Give the data below again exactly, and drop each picture from it.
***** Data excerpt *****
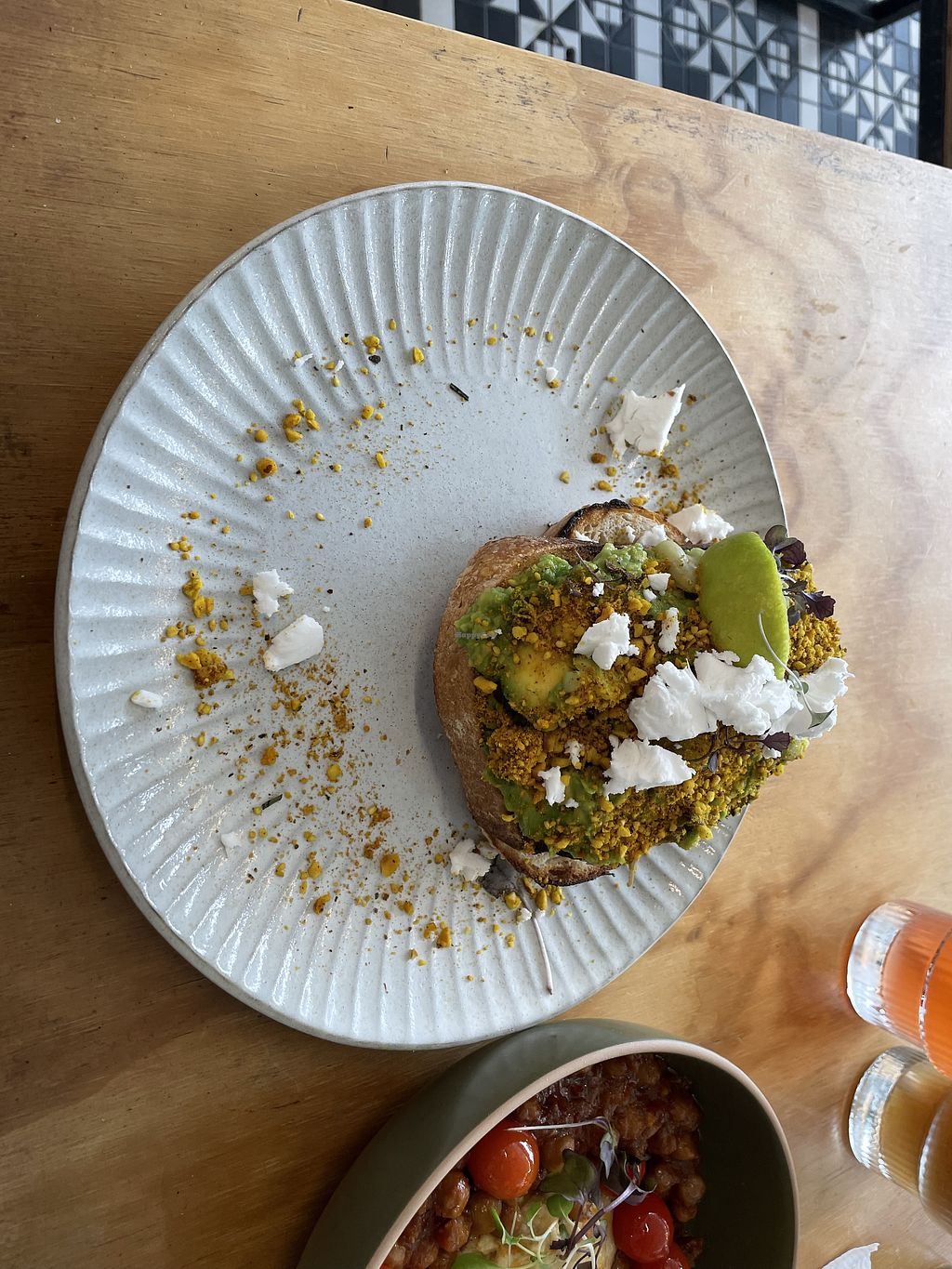 Sadly due to a recent menu change, there is one vegan option for breakfast, yep, avo toast minus the feta and other omni things.
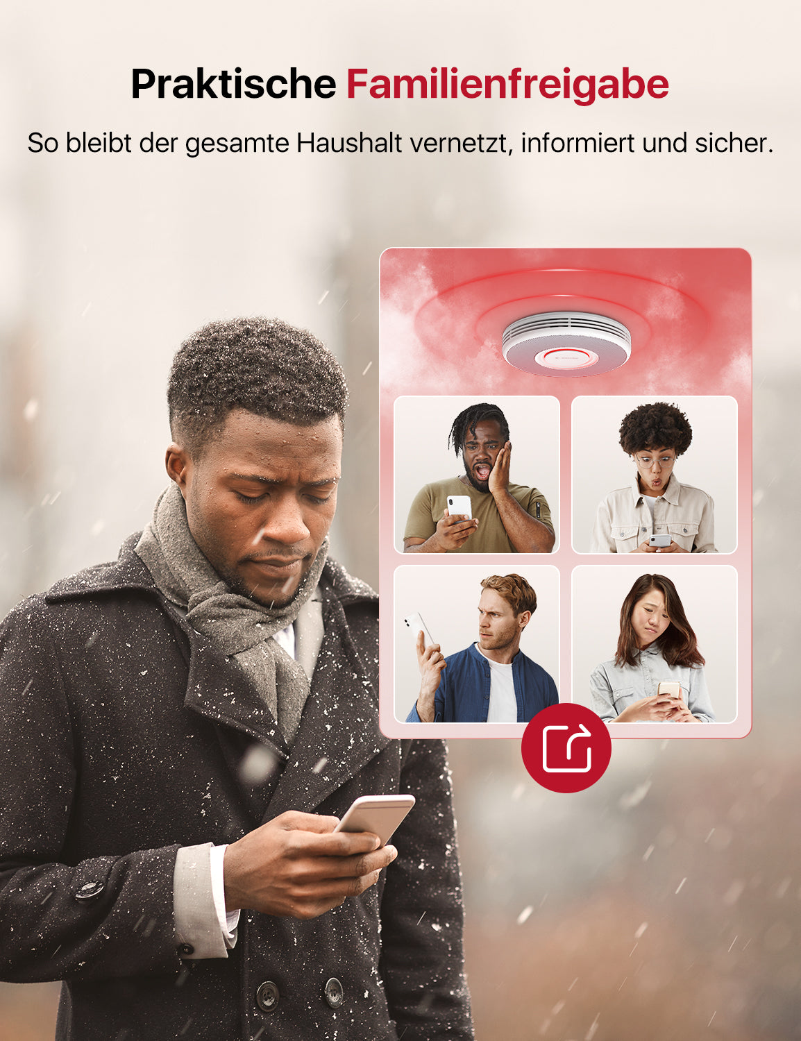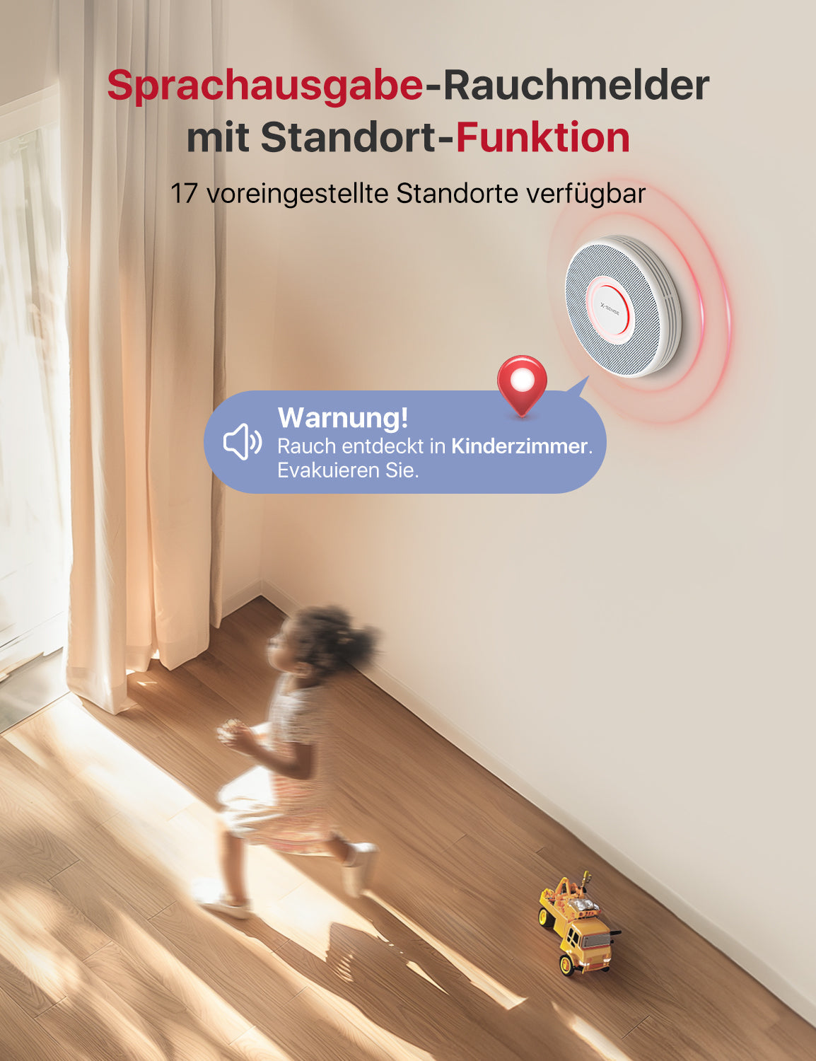 Sprachwarnungen in Echtzeit: Klare Sprachwarnungen wie „Warnung! Rauch im Wohnzimmer erkannt. Evakuieren Sie das Gebäude!“
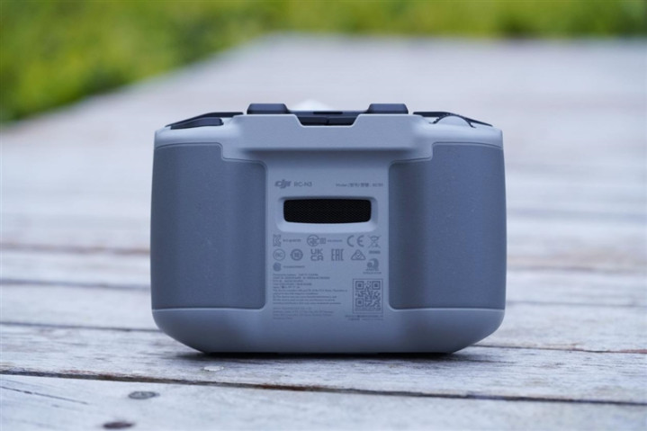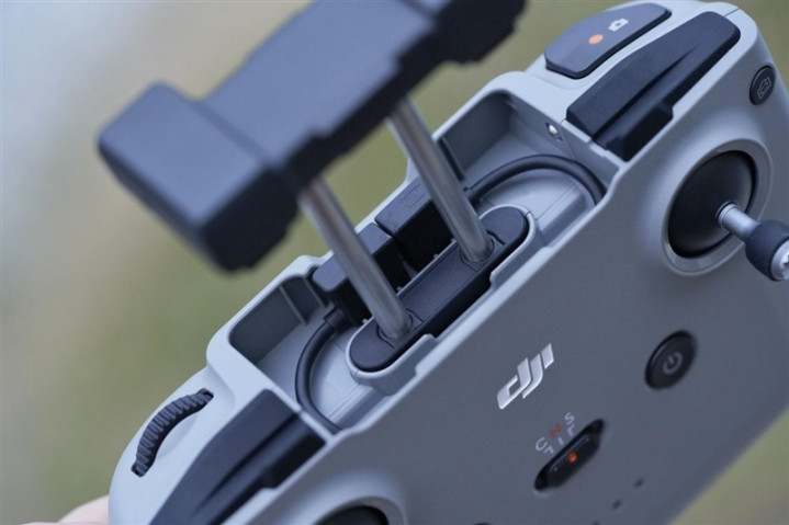 畅飞套装中附带的大疆RC-N1遥控器。集成了摇杆、飞行模式键、返航键、Fn键(默认功能为云台90度翻转)以及拍照/视频切换键,功能一应俱全。
*****
→ **Solution below**
 Sadly due to a recent menu change, there is one vegan option for breakfast, yep, avo toast minus the feta and other omni things.
 Sprachwarnungen in Echtzeit: Klare Sprachwarnungen wie „Warnung! Rauch im Wohnzimmer erkannt. Evakuieren Sie das Gebäude!“
 畅飞套装中附带的大疆RC-N1遥控器。集成了摇杆、飞行模式键、返航键、Fn键(默认功能为云台90度翻转)以及拍照/视频切换键,功能一应俱全。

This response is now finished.